Frank Fisher

Personal information
- Born: 1905 Townsville, Queensland, Australia
- Died: 1980 (aged 74–75)

Playing information
- Position: five-eighth, halfback
Club
| Years | Team | Pld | T | G | FG | P |
|  | Barambah |  |  |  |  |  |
Representative
| Years | Team | Pld | T | G | FG | P |
| 1932–36 | Wide Bay | 2 |  |  |  |  |

= Frank Fisher (rugby league) =

Australian rugby league player

Frank Fisher (1905–1980) was an Aboriginal Australian professional rugby league footballer. Nicknamed "Big Shot" and "King" Fisher, he has been described as the Wally Lewis of Aboriginal Rugby league players. He was named as a member of the Indigenous Australian Rugby League Team of the Century.

== Family life ==
He was born 1905 in Townsville, Queensland the son of Frank Fisher Sr and his wife Rosie Shilling. His father had served with the 11th Light Horse Regiment but Fisher's attempt to follow in his father's footsteps in 1940 was blocked on racial grounds. He is the paternal grandfather of Australian track athlete and Olympic gold medalist Cathy Freeman.

== Rugby league ==
In the 1930s Fisher was captain of the Barambah rugby league team.

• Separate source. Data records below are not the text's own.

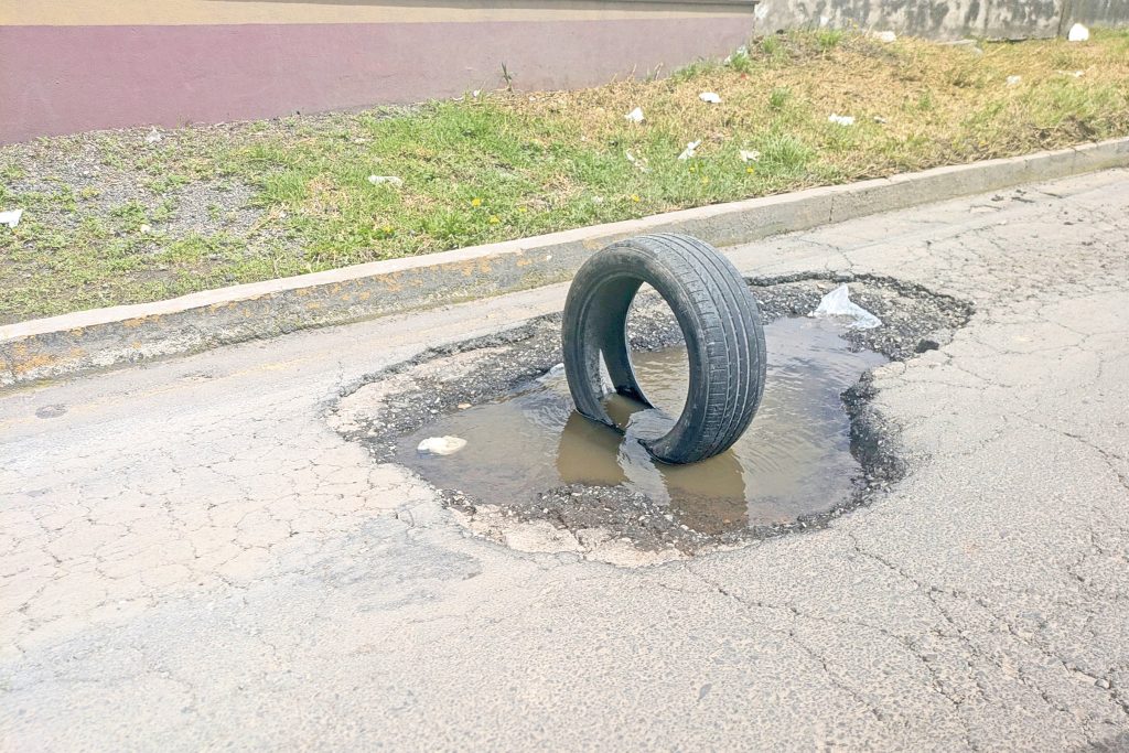 Para evitar algún incidente vial, vecinos y trabajadores de las oficinas del Sector Primario en Pachuca colocaron un neumático como aviso para evitar caer en un bache localizado en la lateral del bulevar Felipe Ángeles y automovilistas y peatones sepan del peligro.
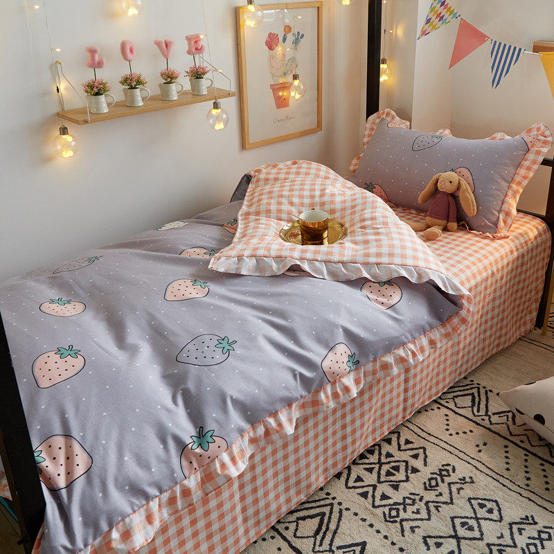 Students up and down laid out by single bed sheet bed Three sets Dormitory Single Beds Girl students Four sets of Korean style
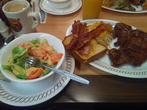Nasty nasty Nasty!!! This has to be one of the worst places I have EVER ate myself and husband went there for breakfast we both got hashbrowns and a burger we didnt say to add anything to the hashbrowns and we asked for the cheeseburgers plain only meat cheese and bun. So what do they do give us both burgers with everything on it and on top of it my husband had jalipinos in his hashbrowns are you kidding me ???? I took that right back so they gave us new hashbrowns but only took the stuff off the burger and gave us the burgers back Im sorry but that is unacceptable!! I dont eat the stuff they put on the burgers so you take the stuff off and give me a nasty burger back. I got my money back and went to IHOP where they get it right stay away from any of these waffle houses more like Awful House !!
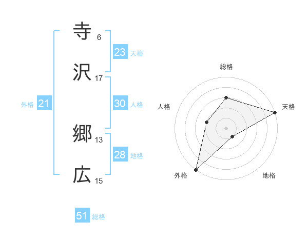 寺沢 郷広さんを姓名の画数から五運を鑑定

In 1932 and again in 1936 he played at half-back for the Wide Bay representative side against the Great Britain touring teams. The English captain, Jim Brough, was reported as saying that "Fisher was the best country player the Englishmen had encountered." On Brough's recommendation, Fisher was offered a contract to play club rugby league in Salford, England but the Queensland Government refused his application to travel under the Aboriginals Protection and Restriction of Sale of Opium Act 1897 (Qld).

He has been described as "fast, with a distinctive side-step, playing either at fly-half or centre three-quarter."

In 1946 he was still leading the Cherbourg team as captain to victory.

== Cricket ==
Fisher further displayed his athletic ability in cricket. On one occasion, playing for the Cherbourg A Grade side against Goomeri, he struck 105 (retired) in 32 minutes including 11 sixes and 5 fours. His side won by 294 on the first innings on a day when the Cherbourg side was without the usual services of fast bowler Eddie Gilbert. Fisher's feat was reported nationally.

== Honours and awards ==
On 8 June 1996 a bridge over Barambah Creek, Cherbourg and named in his honour was opened.

In 2010 Fisher was named as a member of Australian rugby league's Indigenous Team of the Century.